* _Your assignment_:
Please copy the data below exactly, from its first line through the line holding "活动规则:活动期间,玩家每天", and skip the pictures.

* _Provided information_:
################

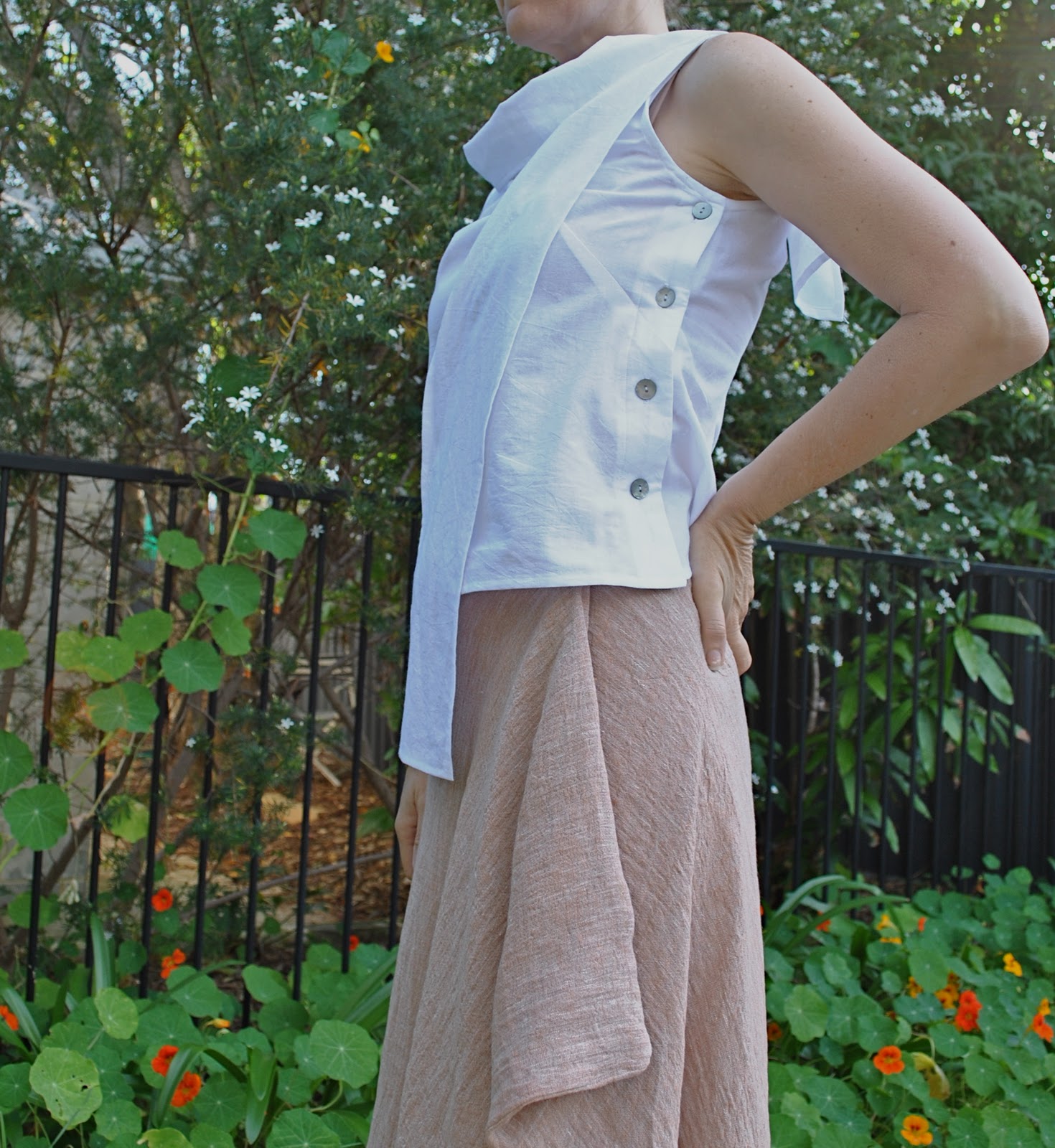 The skirt is cut in one piece, which is a strange almost tear-drop shape, with only three other pieces for the waistband, and two separate button plackets. I chose these three large nacre buttons for closure to complement the soft silver grey of the fabric. Actually I made this using the wrong side of the fabric out. The right side has a much more shimmery shiny metallic silver finish to it, but I chose the dull dove grey wrong side with a slightly felt-y texture over this as I’m not really a disco ball kind of a girl. Although come to think of it I do have some silver sequinned fabric in my stash… calling to my inner disco queen, a flashy persona buried deep within the prosaic Australian exterior… I must have bought it knowing she was down in there somewhere, hehe.
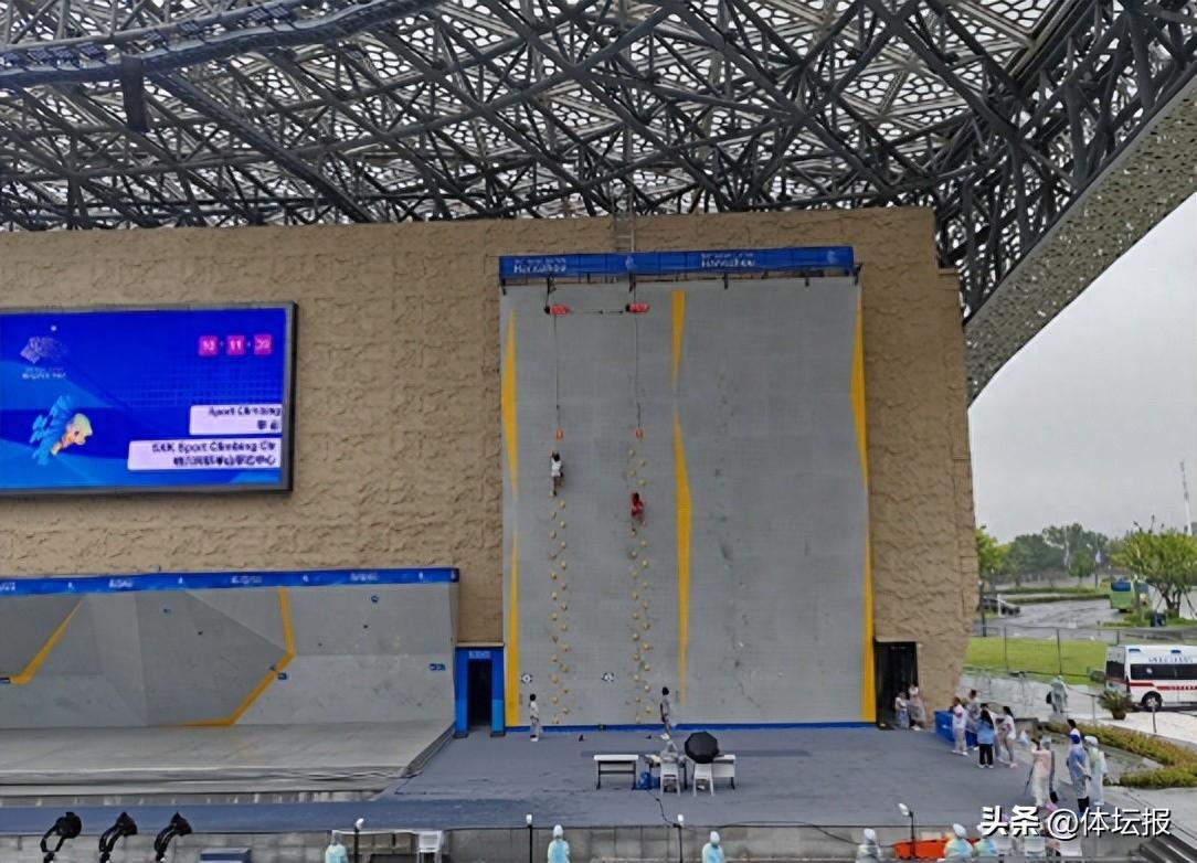 紹興柯橋羊山攀巖中心競賽區域的巖壁前,運動員們各就各位,隨着一聲令下,緊張刺激的攀巖比賽拉開帷幕,歡呼聲、叫好聲、鼓掌聲時不時從觀衆席傳出。而伴隨着這激烈的比賽,負責各個區域的工作人員和志願者們有條不紊進行着各自的工作,現場秩序井然有序。
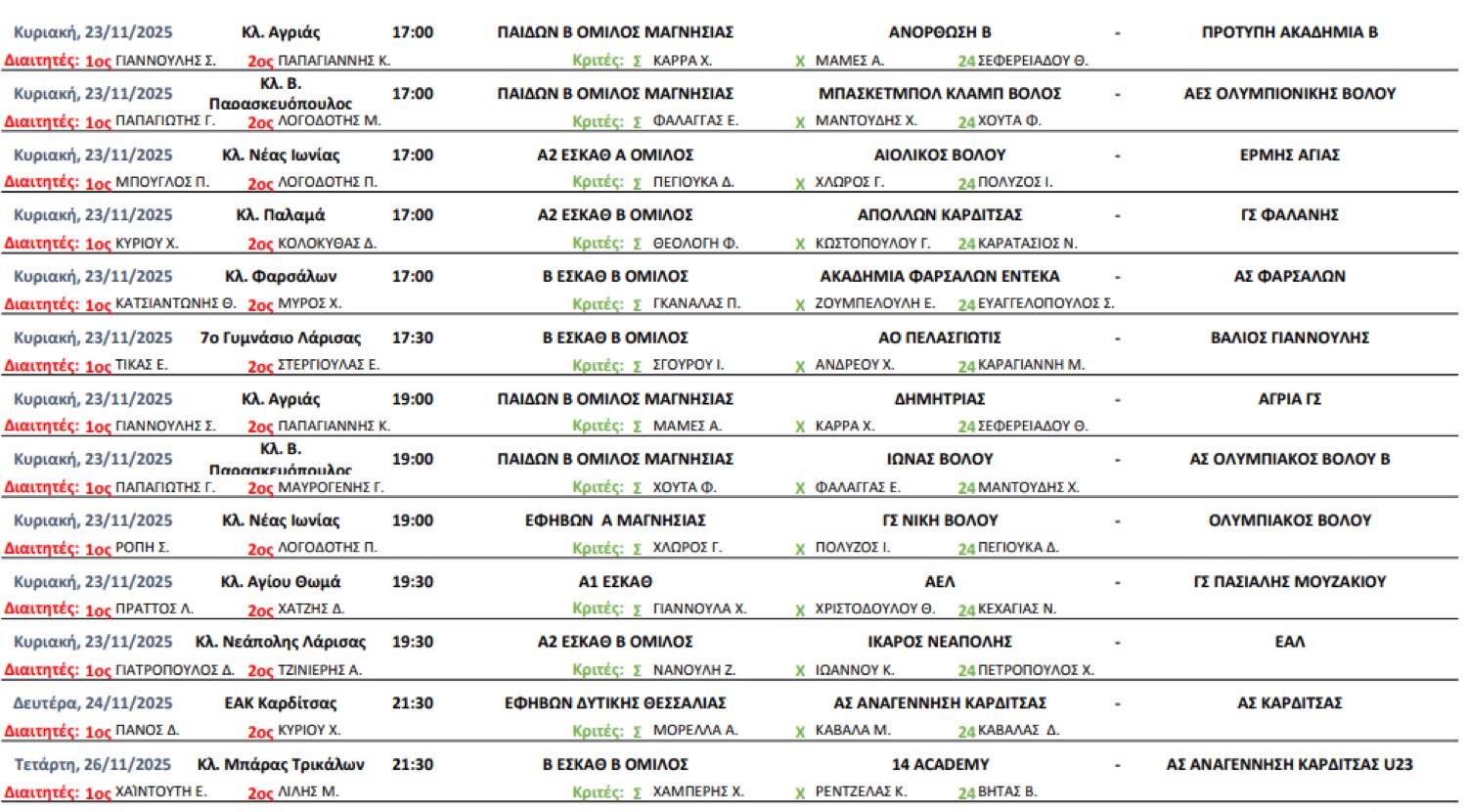 Η Ε.Σ.Κ.Α.Θ. ανακοίνωσε τα ονόματα των διαιτητών που θα διευθύνουν τους αγώνες των πρωταθλημάτων της.
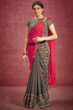 Grey Color Crepe Fabric Coveted Saree With Embroidered Work
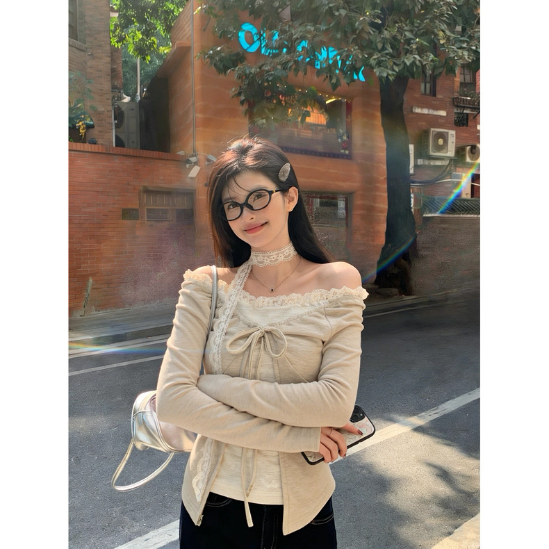 FA56429# 蕾丝花边假两件上衣女 服裝批發女裝批發服飾貨源
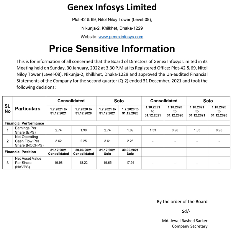 Price Sensitive Information of Genex Infosys Limited
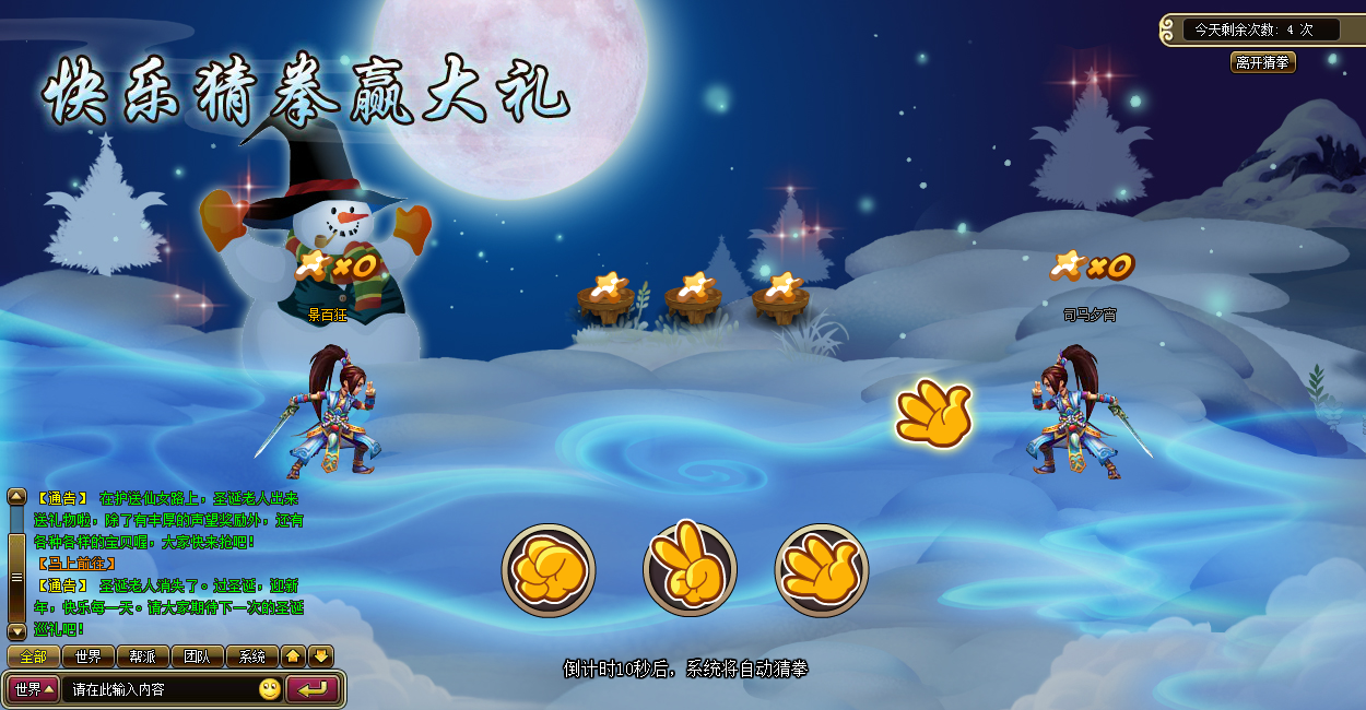 活动规则:活动期间,玩家每天可参与5次快乐猜拳赢取圣诞星星,使用圣诞星星可获得10体力,活动结束后,连胜排行还有丰厚奖励哦!
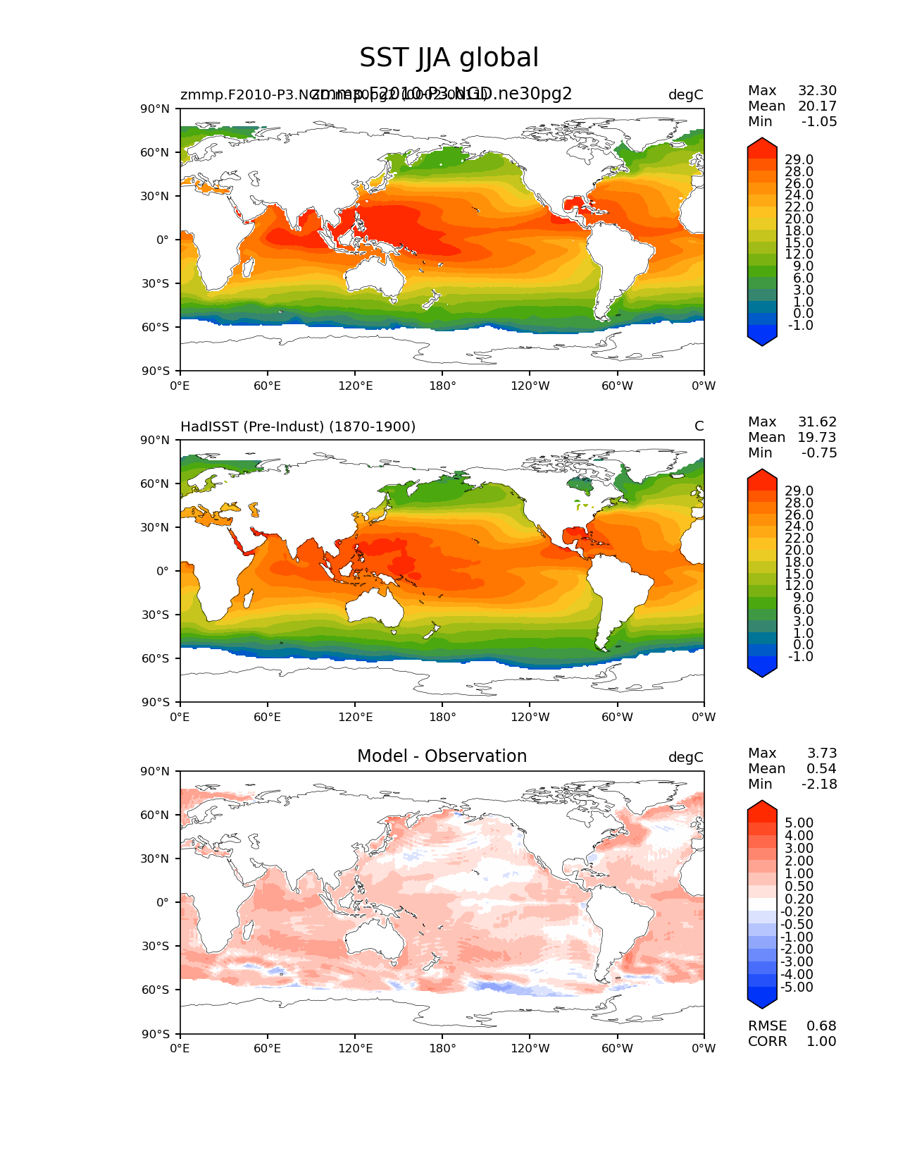 Use this command to recreate this image: | e3sm_diags lat_lon --no_viewer --case_id 'SST_PI_HadISST' --sets 'lat_lon' --run_type 'model_vs_obs' --variables 'SST' --seasons 'JJA' --regions 'global' --regrid_tool 'esmf' --regrid_method 'conservative' --main_title 'SST JJA global' --backend 'mpl' --output_format 'png' --canvas_size_w '1212' --canvas_size_h '1628' --figsize '8.5' '11.0' --dpi '150' --arrows --contour_levels '-1' '0' '1' '3' '6' '9' '12' '15' '18' '20' '22' '24' '26' '28' '29' --test_name 'zmmp.F2010-P3.NGD.ne30pg2' --test_title 'zmmp.F2010-P3.NGD.ne30pg2' --test_colormap 'cet_rainbow.rgb' --ref_name 'HadISST_PI' --reference_name 'HadISST (Pre-Indust)' --reference_colormap 'cet_rainbow.rgb' --diff_title 'Model - Observation' --diff_colormap 'diverging_bwr.rgb' --diff_levels '-5' '-4' '-3' '-2' '-1' '-0.5' '-0.2' '0.2' '0.5' '1' '2' '3' '4' '5' --num_workers '4' --granulate 'variables' 'seasons' 'plevs' 'regions' --selectors 'sets' 'seasons' --reference_data_path '/global/cfs/cdirs/e3sm/acme_diags/obs_for_e3sm_diags/climatology/' --test_data_path '/global/cscratch1/sd/xsongsio/E3SM_simulations/zmmp.F2010-P3.NGD.ne30pg2/diag/clim_rgr/10yr/' --results_dir '/global/cfs/cdirs/e3sm/www/xsongsio/zmmp.F2010-P3.NGD.ne30pg2/10yr' |

################

* _Solved problem_:
 The skirt is cut in one piece, which is a strange almost tear-drop shape, with only three other pieces for the waistband, and two separate button plackets. I chose these three large nacre buttons for closure to complement the soft silver grey of the fabric. Actually I made this using the wrong side of the fabric out. The right side has a much more shimmery shiny metallic silver finish to it, but I chose the dull dove grey wrong side with a slightly felt-y texture over this as I’m not really a disco ball kind of a girl. Although come to think of it I do have some silver sequinned fabric in my stash… calling to my inner disco queen, a flashy persona buried deep within the prosaic Australian exterior… I must have bought it knowing she was down in there somewhere, hehe.
 紹興柯橋羊山攀巖中心競賽區域的巖壁前,運動員們各就各位,隨着一聲令下,緊張刺激的攀巖比賽拉開帷幕,歡呼聲、叫好聲、鼓掌聲時不時從觀衆席傳出。而伴隨着這激烈的比賽,負責各個區域的工作人員和志願者們有條不紊進行着各自的工作,現場秩序井然有序。
 Η Ε.Σ.Κ.Α.Θ. ανακοίνωσε τα ονόματα των διαιτητών που θα διευθύνουν τους αγώνες των πρωταθλημάτων της.
 Grey Color Crepe Fabric Coveted Saree With Embroidered Work
 FA56429# 蕾丝花边假两件上衣女 服裝批發女裝批發服飾貨源
 Price Sensitive Information of Genex Infosys Limited
 活动规则:活动期间,玩家每天可参与5次快乐猜拳赢取圣诞星星,使用圣诞星星可获得10体力,活动结束后,连胜排行还有丰厚奖励哦!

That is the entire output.